======== GIVEN DATA

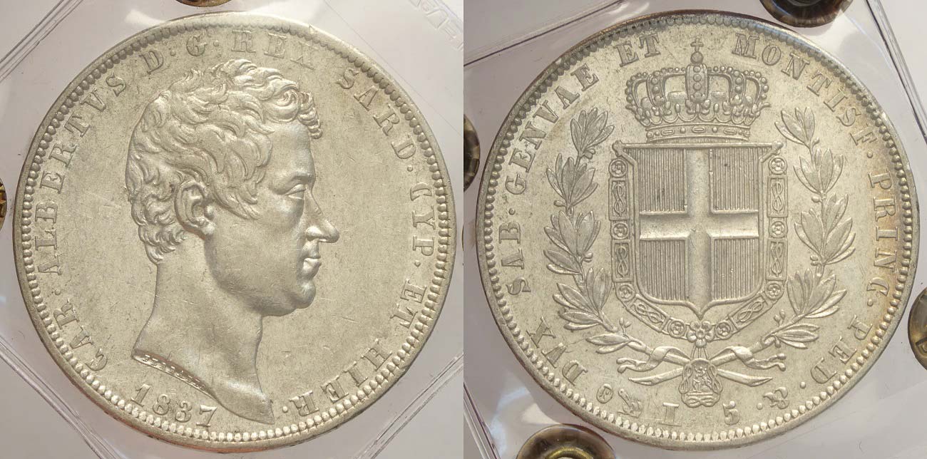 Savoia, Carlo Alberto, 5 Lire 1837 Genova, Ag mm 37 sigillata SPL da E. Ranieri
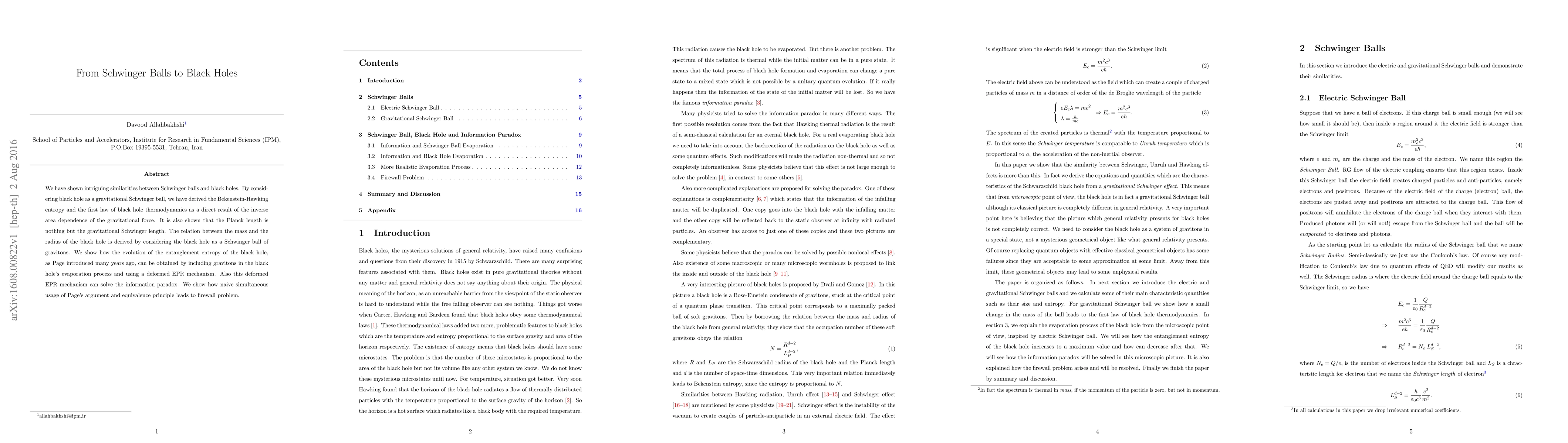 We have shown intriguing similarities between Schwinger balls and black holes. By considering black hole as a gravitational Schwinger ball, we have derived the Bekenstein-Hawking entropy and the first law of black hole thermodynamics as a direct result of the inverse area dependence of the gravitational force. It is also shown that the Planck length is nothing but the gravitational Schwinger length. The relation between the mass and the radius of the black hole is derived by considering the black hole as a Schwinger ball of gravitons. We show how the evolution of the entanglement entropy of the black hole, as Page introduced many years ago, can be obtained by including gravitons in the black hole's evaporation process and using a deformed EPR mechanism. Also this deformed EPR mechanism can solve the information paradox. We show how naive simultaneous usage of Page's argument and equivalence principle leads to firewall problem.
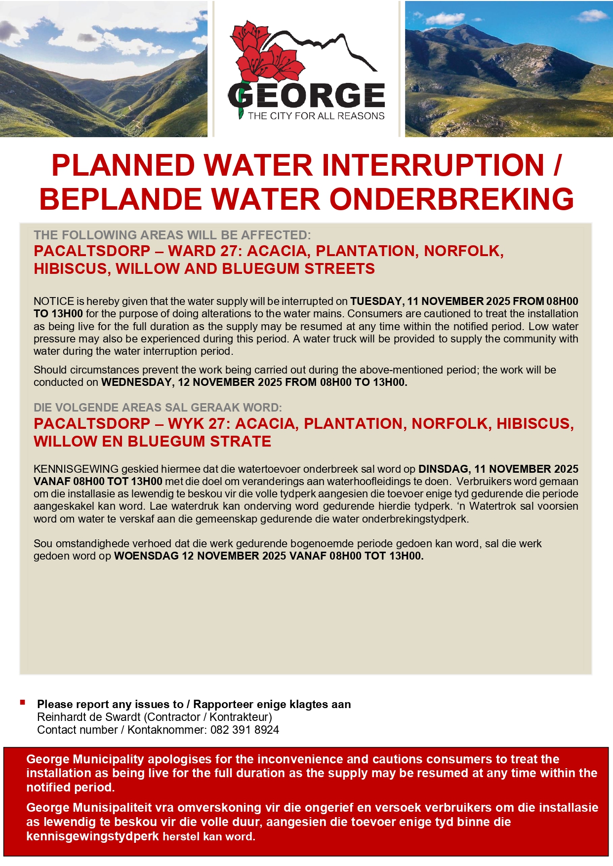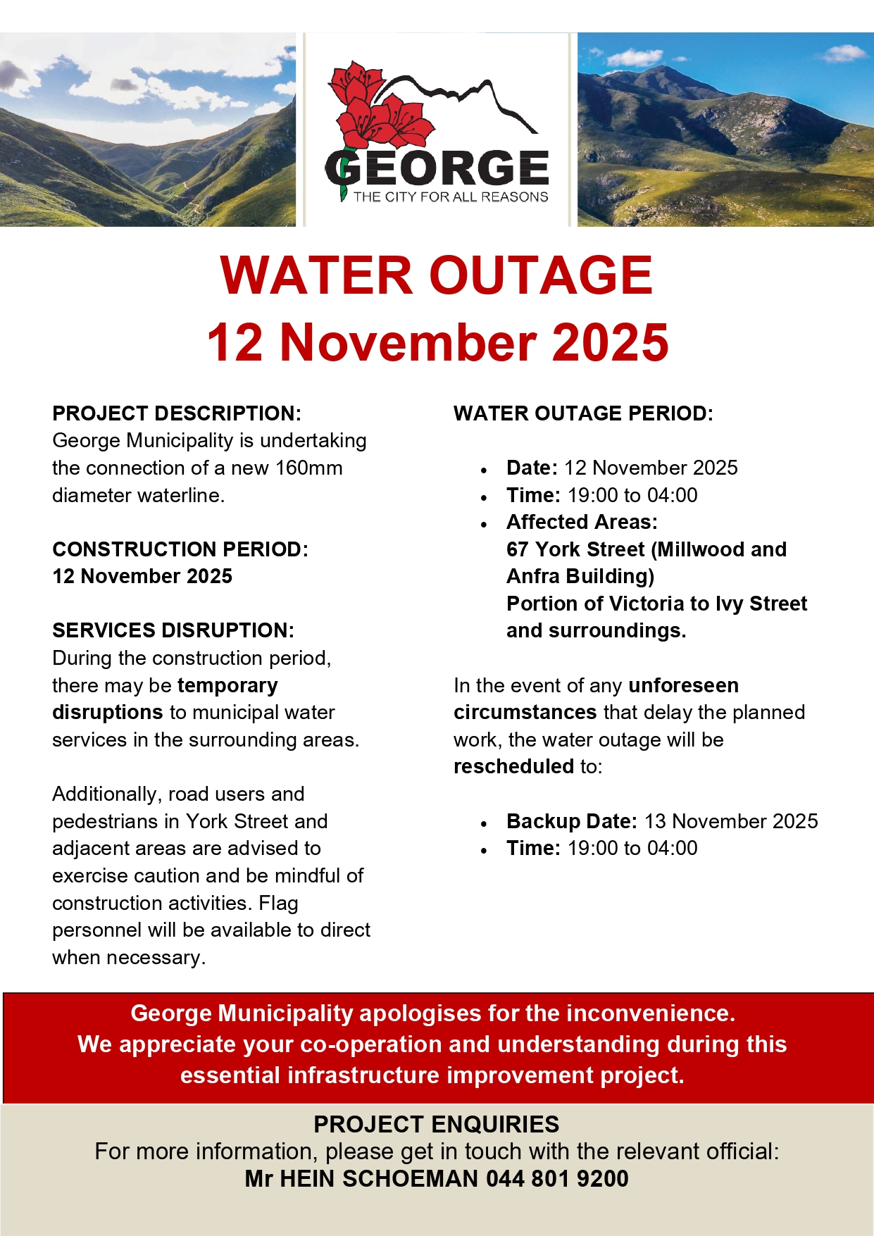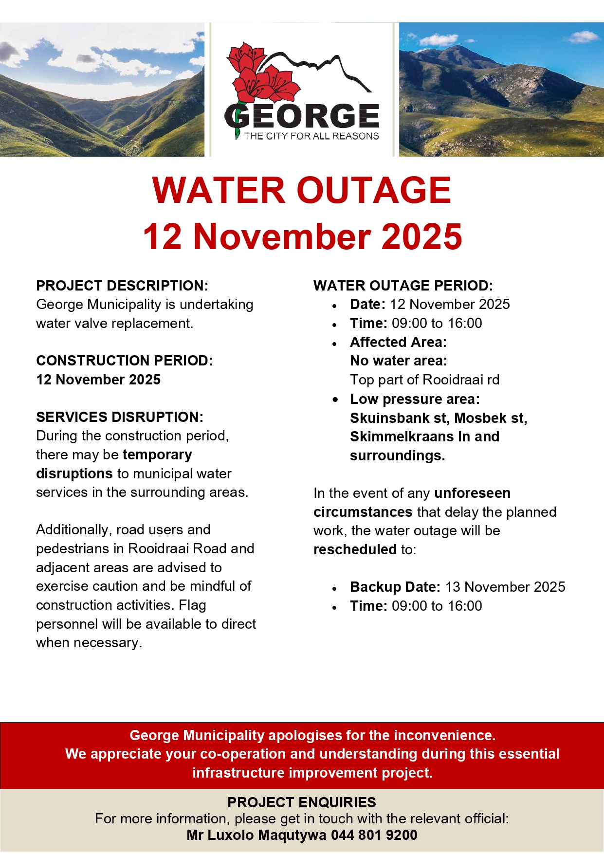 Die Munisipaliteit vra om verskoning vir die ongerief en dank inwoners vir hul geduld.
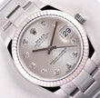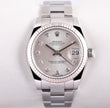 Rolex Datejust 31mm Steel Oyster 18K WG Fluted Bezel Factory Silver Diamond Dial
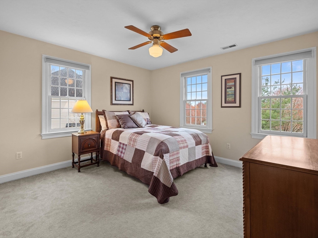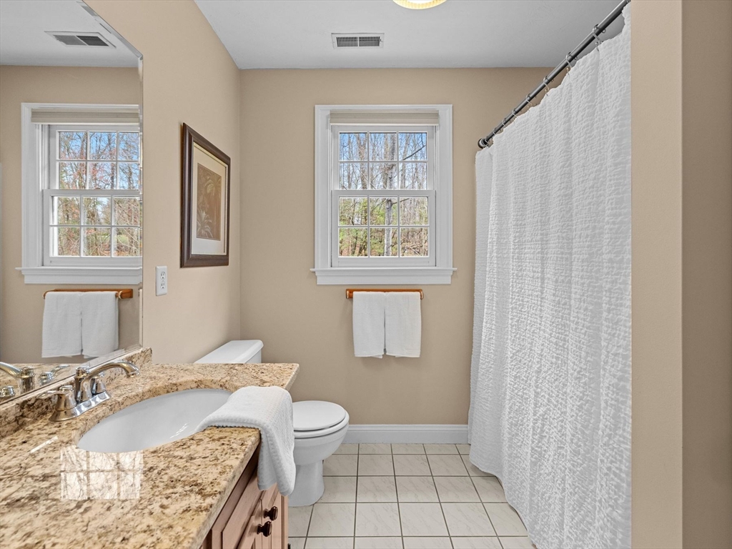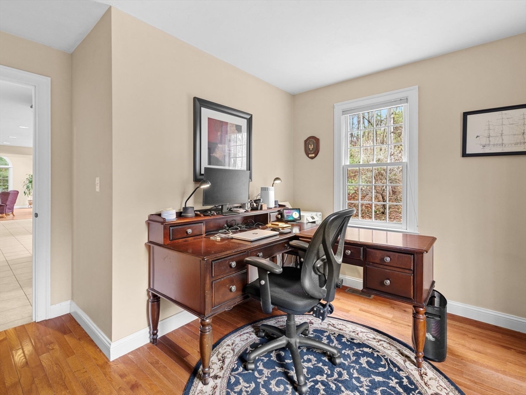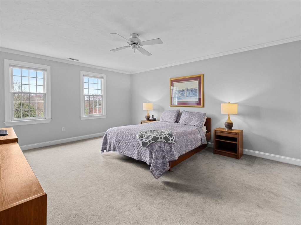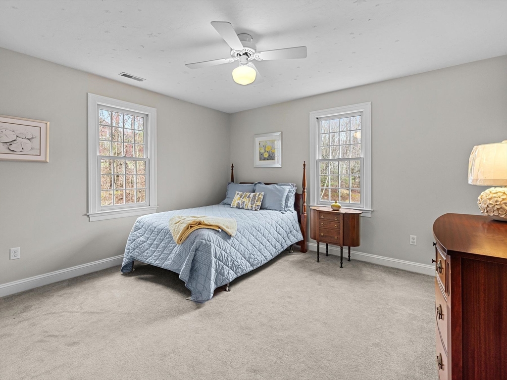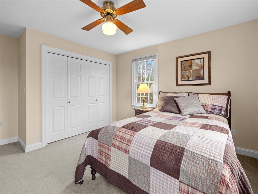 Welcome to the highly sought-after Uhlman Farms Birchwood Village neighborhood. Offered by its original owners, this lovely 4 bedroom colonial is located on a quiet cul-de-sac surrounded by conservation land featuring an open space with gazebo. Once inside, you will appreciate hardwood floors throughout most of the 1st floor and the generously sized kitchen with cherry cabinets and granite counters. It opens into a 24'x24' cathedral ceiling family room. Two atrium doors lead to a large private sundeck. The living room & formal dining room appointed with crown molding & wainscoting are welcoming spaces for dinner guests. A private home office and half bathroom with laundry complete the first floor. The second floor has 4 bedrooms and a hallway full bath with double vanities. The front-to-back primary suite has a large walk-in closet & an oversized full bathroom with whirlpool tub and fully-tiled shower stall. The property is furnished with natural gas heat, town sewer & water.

================

◆ REQUIRED WORK ◆
Exactly as written, repeat the lines of the material above from the first through the line holding "Die Munisipaliteit vra", with both ends in the copy and no pictures.

◆ ANSWER BELOW ◆
 Savoia, Carlo Alberto, 5 Lire 1837 Genova, Ag mm 37 sigillata SPL da E. Ranieri
 We have shown intriguing similarities between Schwinger balls and black holes. By considering black hole as a gravitational Schwinger ball, we have derived the Bekenstein-Hawking entropy and the first law of black hole thermodynamics as a direct result of the inverse area dependence of the gravitational force. It is also shown that the Planck length is nothing but the gravitational Schwinger length. The relation between the mass and the radius of the black hole is derived by considering the black hole as a Schwinger ball of gravitons. We show how the evolution of the entanglement entropy of the black hole, as Page introduced many years ago, can be obtained by including gravitons in the black hole's evaporation process and using a deformed EPR mechanism. Also this deformed EPR mechanism can solve the information paradox. We show how naive simultaneous usage of Page's argument and equivalence principle leads to firewall problem.
 Die Munisipaliteit vra om verskoning vir die ongerief en dank inwoners vir hul geduld.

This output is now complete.